Se Francisco é uma ameaça, Clara é uma força da natureza. Ela é fluida e, portanto, pode ser contida, como sugere o nome do prédio que também batiza o filme, mas nunca parada. Esta característica da personagem norteia o desenrolar da trama central: sua recusa em deixar o prédio onde viveu nos últimos anos, assim como sua relação com a cidade enquanto espaço a ser ocupado.
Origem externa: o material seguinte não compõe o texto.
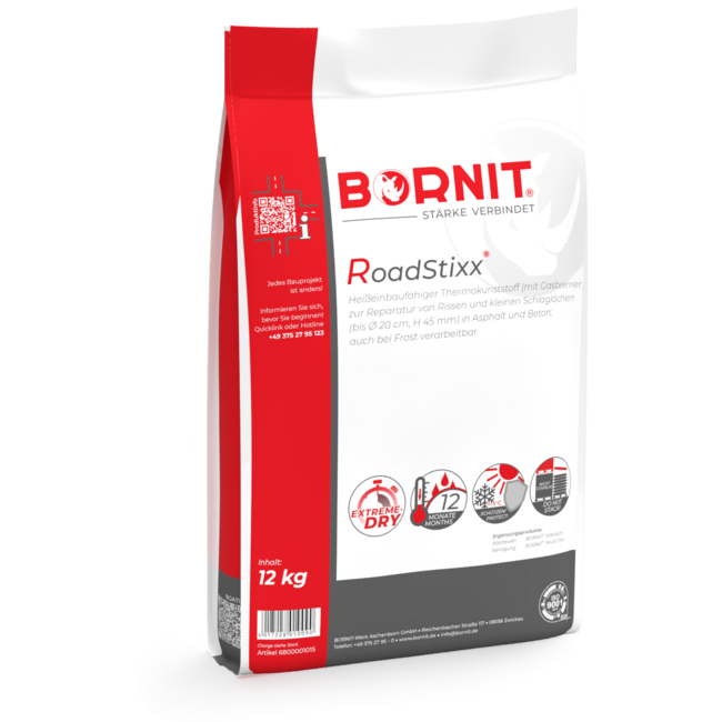 Deze revolutionaire thermoplastische Kunststof sticks zijn ideaal voor reparaties aan scheuren en oneffenheden tot ca. 0,5 cm diep. Geschikt voor reparaties op asfalt en beton. De RoadStixx vormen een perfecte hechting aan het oppervlak. Na ca. 20 minuten afkoelen kan de reparatie bereden worden. Er is alleen een gasbrander nodig om dit product aan te brengen. Bij grotere oppervlakten bevelen we het materiaal af te strooien met split 1/3. Het product dient droog en vorstvrij te worden opgeslagen. Niet in de volle zon of bij een warmtebron opslaan. De houdbaarheid is ca. 2 jaar. Het materiaal smelt zich vast in elke kleine hoek of oneffenheid. Door het verwarmen ontstaat een optimale hechting. Het materiaal kan het hele jaar door aangebracht worden.

Clara é tão desenvolta tomando vinho em uma livraria-café quanto caipirinha em um forró ou cerveja no aniversário de sua faxineira.

É a fluidez que torna Clara um ícone de resistência e resiliência, atitude que se transfigura em sua luta para se manter no apartamento onde viveu e criou os filhos contra os avanços de uma empreiteira e o assédio dos ex-vizinhos que sonham com uma ilusória montanha de dinheiro que para ela nada significa. Clara representa um mundo onde há valores maiores do que a possibilidade de comprar mais coisas. Aquarius, o prédio, é símbolo dos muitos significados que não encontram correspondência no dinheiro.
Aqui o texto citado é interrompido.